For models that are producing a prediction that can be vetted against ‘reality’ in a post-hoc manner, having the monitoring job compare past predictions to newly collected ground-truth results is a highly critical part of model sustainable operations as well.

I generally default to passive retraining for ‘cheap’ models (something that might cost a few dollars a day to retrain, test against the same holdout validation as the current production model, and log the results of which model is currently in production). For more expensive models (DL, NLP, Matrix Factorization, Association Rules, etc.) I opt for active retraining based on the results of the drift monitoring job. If I detect a significant deviation in performance that is agreed upon by the business unit as critical to trigger a retraining event, I’ll do that on an as-needed asynchronous basis.

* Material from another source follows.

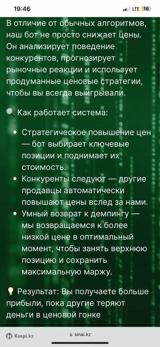 Бот для демпинга цен Нужно сделать бота который отвечает за коррекцию цен в каспи магазине, интеграция и сихронизация информации с магазина, так же подвязка которая работает с эксель файлами магазина, в котором выставляется предзаказ, пример можем взять с роботов Zoomia и Sinai, то какие скрипты и как прописаны

For online systems that have frequent triggers for active retraining, if the concept drift is so severe that I know that it will incur a hefty price to the business to have such a system built, I’ll discuss this with the stakeholders during the pre-POC phase. That gives them the opportunity to bail out of the project due to cost long before we’ve sunk the time, effort, and money into developing a solution.

What’s a problem you encountered where machine learning seemed like the right solution, but turned out to be wrong? What was the eventual solution?

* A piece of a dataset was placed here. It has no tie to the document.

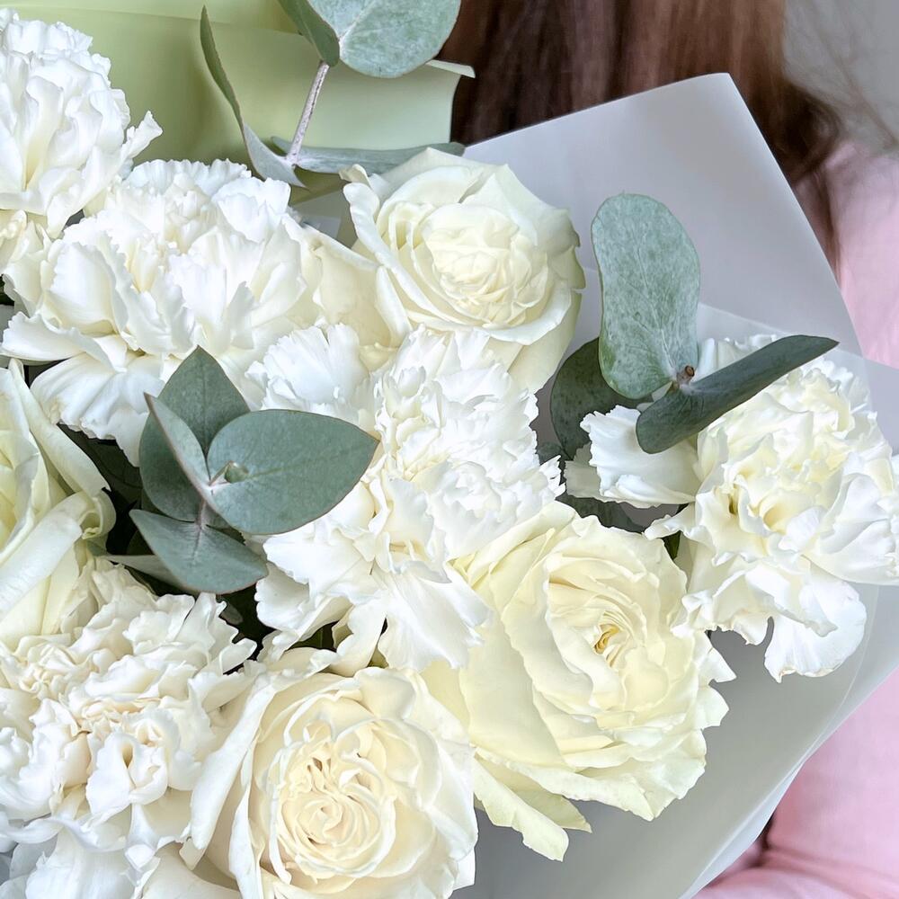 Букет из роз, эвкалипта и гвоздики

To be honest, I’ve lost track of the number of times this has happened in my career and when interacting with clients. The vast majority of the time it’s finding out that the performance difference between a simple heuristics-based SQL query (case statements) and a state-of-the-art reinforcement learning approach is so miniscule that it doesn’t make sense to continue with anything but the rules engine.

This isn’t to say that I write SQL to solve all of my problems (although I test it out!), but the idea that a far too complicated solution gets built (or attempted to be built, wasting months of effort and time) when a simpler and more direct solution would have been nearly identically effective is one of the more common themes I see in industry.

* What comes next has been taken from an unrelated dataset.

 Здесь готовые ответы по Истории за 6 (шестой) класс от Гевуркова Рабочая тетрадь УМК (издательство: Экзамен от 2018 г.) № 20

I used to be very guilty of this and have a litany of projects that I’ve done in the past that are almost seemingly intentionally obfuscated in their complexity. I use these failures as cautionary tales to teams that I work with now (or peers of mine who are defaulting to a path of complexity for their projects with customers) so that they can avoid that trap.

Think of people who are able to apply ML effectively–what skills or traits do you think contributed to that?

The people that are “great” at ML, as opposed to those that are “good” or “sufficient” are those that pursue simplicity in their solution, communicate well with the business and their peers, and are humble about their knowledge. There is simply far too much to know and learn in this profession to “know it all” in even 10 lifetimes. Being able to work with people, learn from them, and include their thoughts and viewpoints in your work will only make solutions better.

Do you have any lessons or advice about applying ML that's especially helpful? Anything that you didn't learn at school or via a book (i.e., only at work)?

Communicate by listening, find people that push you to grow in your field (and share your knowledge with them), and avoid the hype. The vast majority of the things that I’ve learned about building ML projects that work were all learned by screwing things up and having to learn it the hard way. It’s one of the reasons why I wrote a book about this topic, actually, since it’s a book that I really wish I could have read about 12 years ago when I was getting started in this field.

How do you learn continuously? What are some resources or role models that you've learned from?

I learn new ML techniques by talking through problems with peers. Finding like-minded individuals who are passionate about solving difficult and complex issues in the simplest way possible helps me to always be learning new things. I’d recommend finding a community (or make one at your company!) of people who are hungry to learn. I’ve found success in pairing up with software developers on projects, working with data engineers on clever ways that they manipulate data at scale, and bouncing ideas off of architects throughout my career to help broaden my skills and horizons.